1. Introduction
Graph neural networks (GNNs) are considered the intersection of deep learning and graph theory [
1,
2]. Originally designed to handle data with graph structures, they capture relationships between nodes and propagate information through the graph structure [
2]. In recent years, the application of graph neural networks (GNNs) in computer vision tasks has been extensively explored. The fusion of visual networks with GNNs has led to significant improvements in model comprehension and breakthroughs in various visual tasks, including image classification [
3,
4,
5], object detection [
6,
7], and semantic segmentation [
8,
9]. However, the integration of these networks results in larger model sizes and higher computational costs, limiting their practical application on resource-constrained devices [
10]. To address these challenges, several compression and acceleration methods have been proposed, including pruning [
11,
12,
13], quantization [
14,
15,
16,
17], kernel decomposition [
18], and efficient inference backends [
19,
20,
21].
Among these methods, quantization has emerged as one of the most effective approaches. It uses quantization functions to reduce the bit width of network weights and activations, leading to faster inference and reduced memory usage [
14,
22]. For instance, LSQ [
23] sets a learnable scale factor in the quantization function, achieving adaptive fine-grained quantization through backpropagation. N2UQ [
24] realizes a better adaptation to distribution by learning non-uniform input thresholds to quantize inputs into equidistant output levels. AdaQP [
25] applies stochastic quantization to message vectors transmitted across devices, thereby reducing communication traffic. WGCN [
26] proposes the integration of Haar wavelet transforms and quantization functions to compress graph channels, achieving computational savings through channel shrinkage. CoGNN [
27] introduces the concept of reuse-aware sampling, performing node-level parallel-aware quantization to reduce the overhead of feature aggregation.

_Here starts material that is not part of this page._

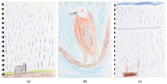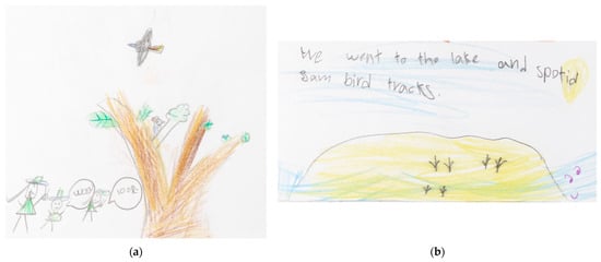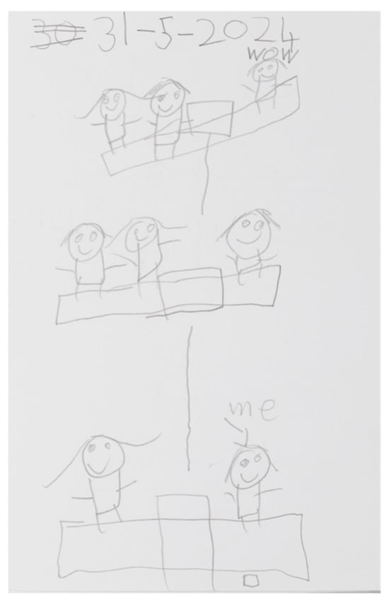 Students also expressed a deep emotional connection to Bush School, including joy and meaning in their journals: “I love Bush School so much.” “Playing on nature. It gave me a good feeling.” “Bush School reminds me of my grannie’s farm,” and drawings (see Figure 4). Adults reinforced this: “I have never seen a child so happy,” “It’s my child’s favorite day.” Quantitative data further confirmed these insights. “Being at Bush School makes me happy” all the time remained high (84% post-intervention, 80% at follow-up; MD = −0.04, p = 1.000). “I like playing in nature at Bush School” all the time rose from 68% to 88%, with increases for boys (MD = 0.45, 95% CI [0.11, 0.79]) and girls (MD = 0.54, 95% CI [0.23, 0.84]). Conversely, “Being at school makes me happy” dropped from 56% to 48% post-intervention, then rebounded to 80% at follow-up (MD = 0.36, p = 0.033), with a stronger effect for girls (MD = 0.54, 95% CI [0.03 to 1.04]).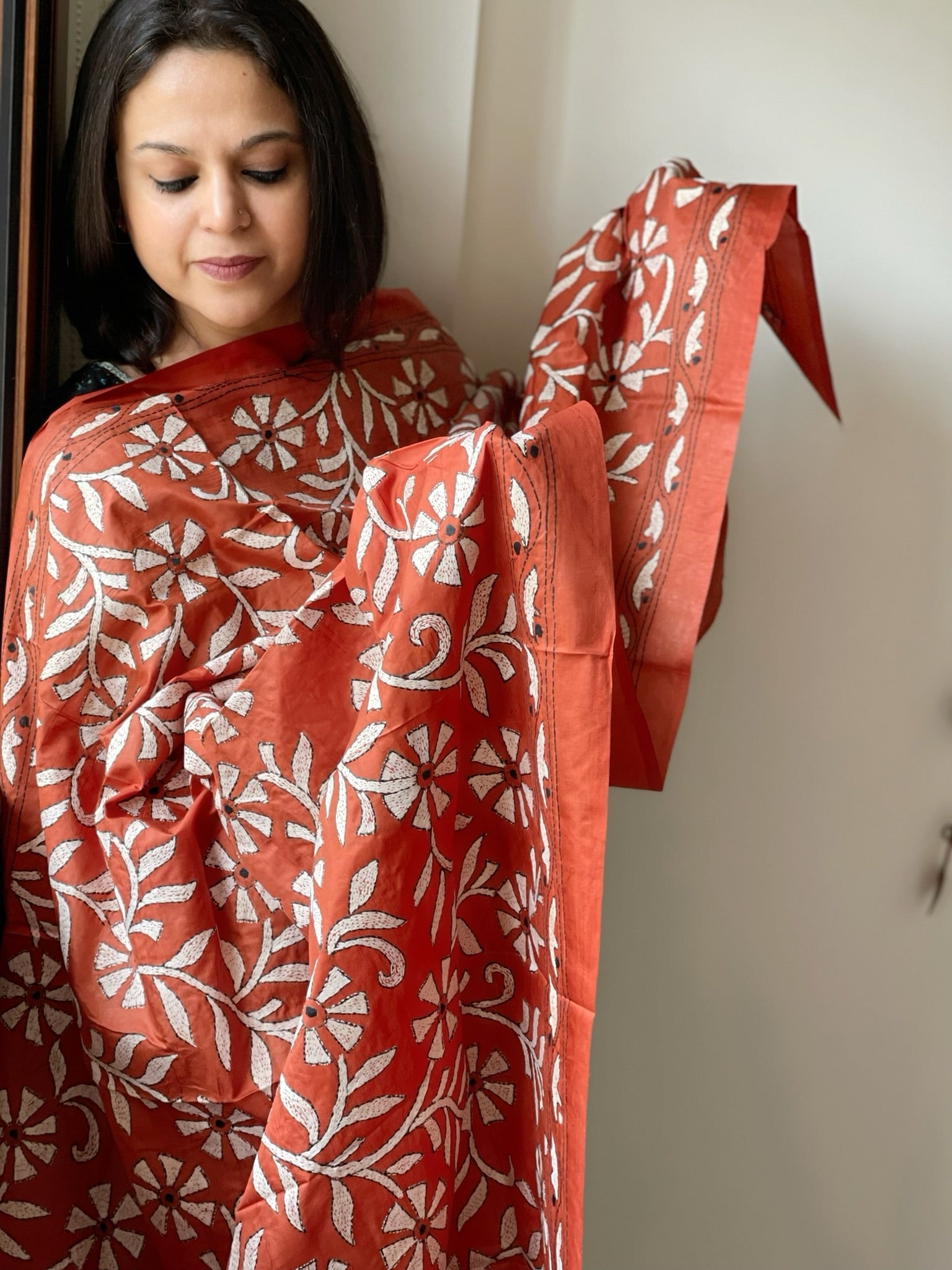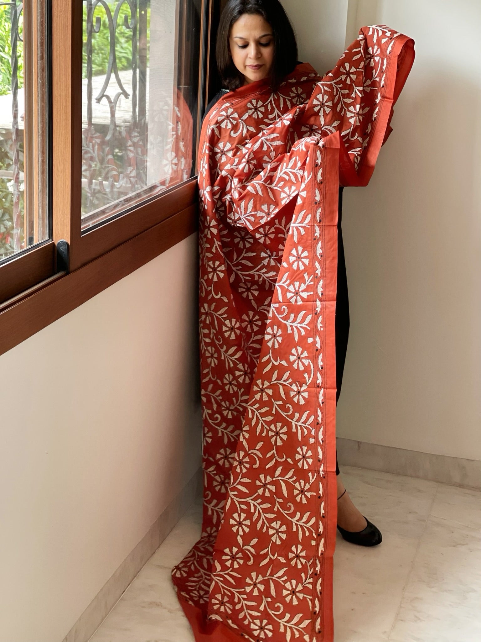 Orange Handmade Nakshi Kantha Dupatta in Pure Silk

Despite advancements in designing better quantization methods, quantized GNNs for visual tasks still face significant challenges. The GNNs for visual tasks can be divided into two parts: visual networks for extracting semantic features from images and graph networks for identifying image relationships through message-passing mechanisms. In visual networks, weights often approximate a Gaussian distribution with a mean close to zero [
28,
29]. However, in graph networks, weights tend to deviate from zero and introduce outliers (see
Figure 1b). These outliers expand the quantization range, leading to coarse-grained quantization and higher quantization errors. Consequently, the performance of quantized models significantly deteriorates. Although researchers have employed knowledge distillation (KD) [
30,
31,
32], this approach has not fundamentally solved the problem of outliers. Moreover, KD introduces an additional teacher model, resulting in higher computational and memory costs for training, contradicting the intention of quantization to improve model efficiency.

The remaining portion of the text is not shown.